- _EXERCISE INSTRUCTIONS_
In the material below, pictures must be dropped. Repeat exactly, and only, the lines from the line with "Vention ที่ชาร์จแบตในรถ USB" to the line with "The Greater Peoria", both ends included.
++++ INFORMATION GIVEN
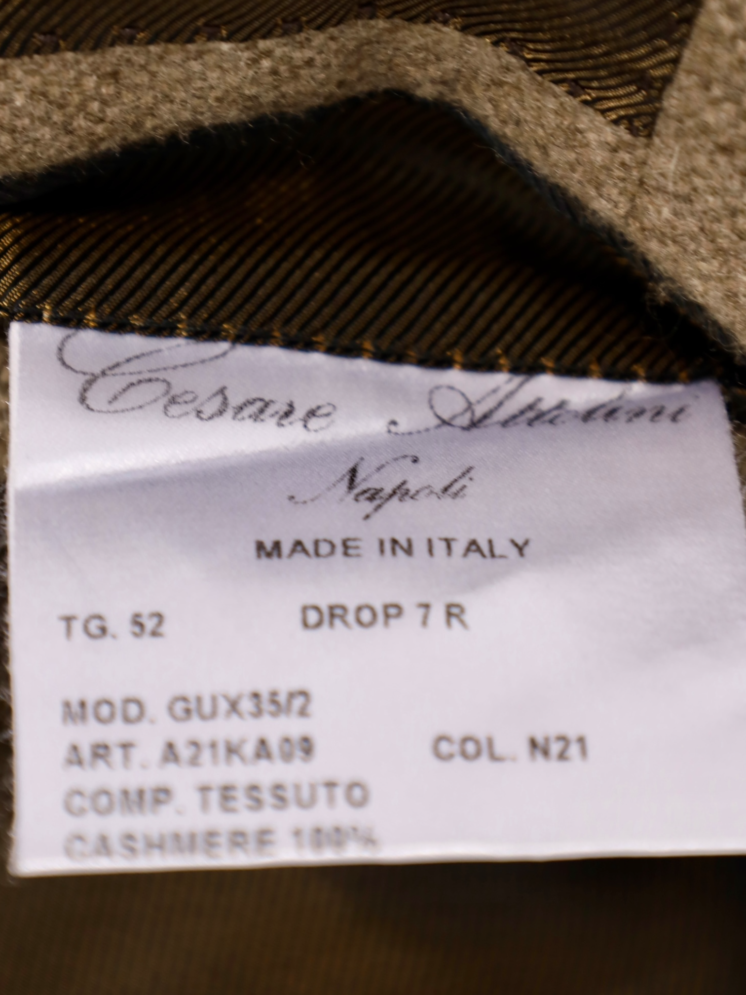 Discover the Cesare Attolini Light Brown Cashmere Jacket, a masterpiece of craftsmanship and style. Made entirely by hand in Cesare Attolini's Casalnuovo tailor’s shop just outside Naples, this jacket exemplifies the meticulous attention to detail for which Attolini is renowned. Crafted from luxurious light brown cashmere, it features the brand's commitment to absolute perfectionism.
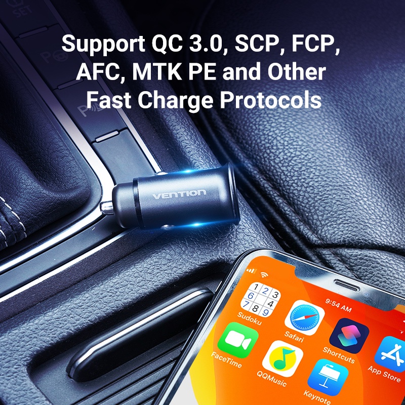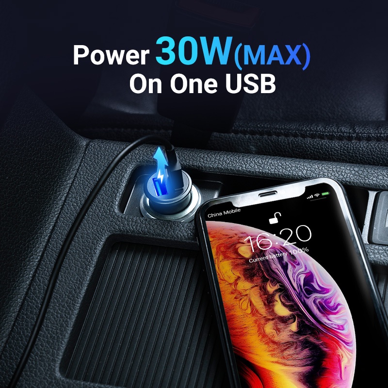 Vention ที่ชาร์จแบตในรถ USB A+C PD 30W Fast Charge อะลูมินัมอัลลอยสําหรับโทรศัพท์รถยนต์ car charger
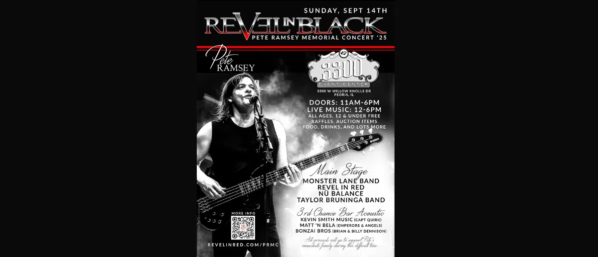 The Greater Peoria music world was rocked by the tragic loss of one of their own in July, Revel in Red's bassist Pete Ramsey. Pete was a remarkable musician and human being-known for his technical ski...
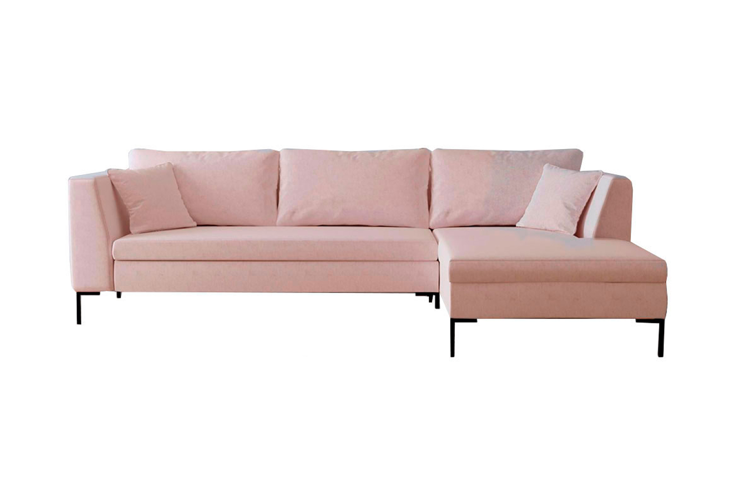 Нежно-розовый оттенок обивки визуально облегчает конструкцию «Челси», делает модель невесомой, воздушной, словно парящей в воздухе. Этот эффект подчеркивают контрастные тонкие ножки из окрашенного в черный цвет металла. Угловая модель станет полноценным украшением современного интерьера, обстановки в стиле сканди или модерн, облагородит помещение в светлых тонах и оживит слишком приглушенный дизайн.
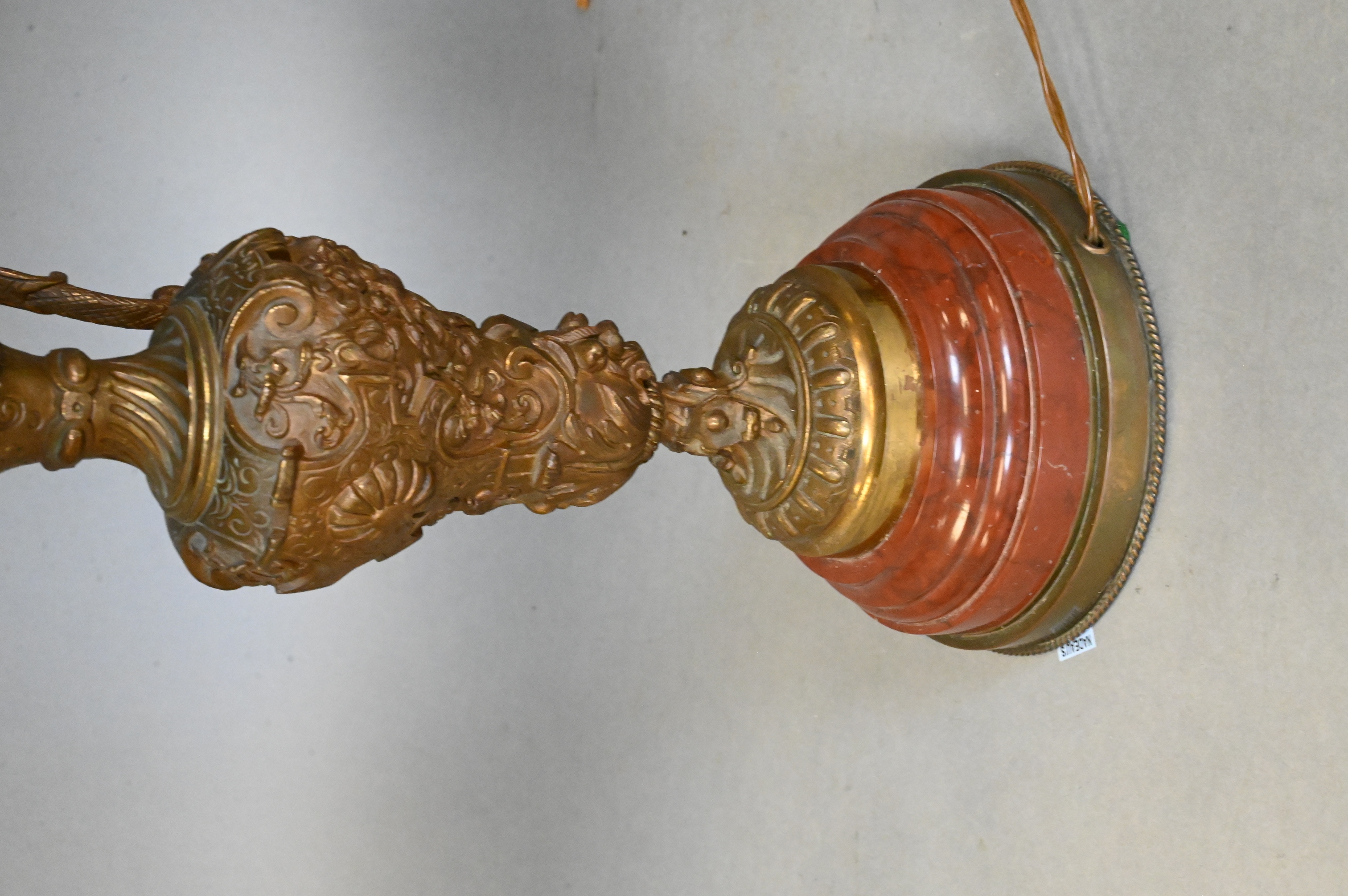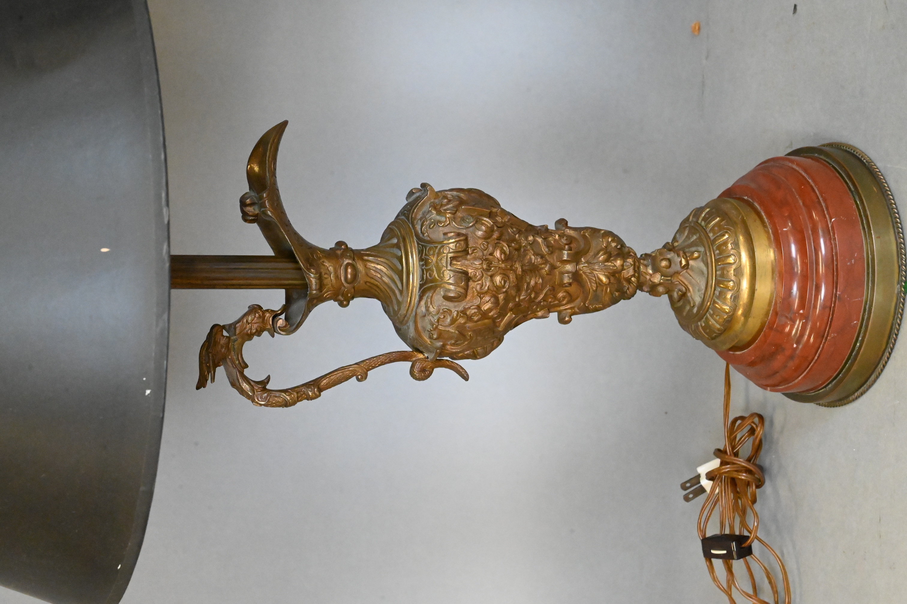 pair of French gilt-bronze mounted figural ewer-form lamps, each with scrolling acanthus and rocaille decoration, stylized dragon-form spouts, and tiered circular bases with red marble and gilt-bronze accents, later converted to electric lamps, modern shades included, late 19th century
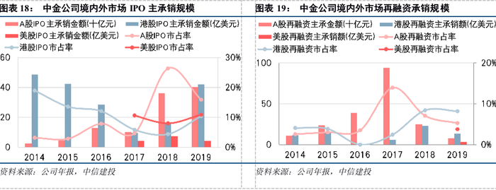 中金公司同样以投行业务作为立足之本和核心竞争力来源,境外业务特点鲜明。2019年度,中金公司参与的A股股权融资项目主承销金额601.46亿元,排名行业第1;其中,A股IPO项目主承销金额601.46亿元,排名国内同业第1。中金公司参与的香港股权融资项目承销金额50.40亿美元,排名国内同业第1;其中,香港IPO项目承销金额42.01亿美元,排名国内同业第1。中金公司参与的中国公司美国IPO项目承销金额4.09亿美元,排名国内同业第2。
++++++++
- _TASK RESULT_
 Vention ที่ชาร์จแบตในรถ USB A+C PD 30W Fast Charge อะลูมินัมอัลลอยสําหรับโทรศัพท์รถยนต์ car charger
 The Greater Peoria music world was rocked by the tragic loss of one of their own in July, Revel in Red's bassist Pete Ramsey. Pete was a remarkable musician and human being-known for his technical ski...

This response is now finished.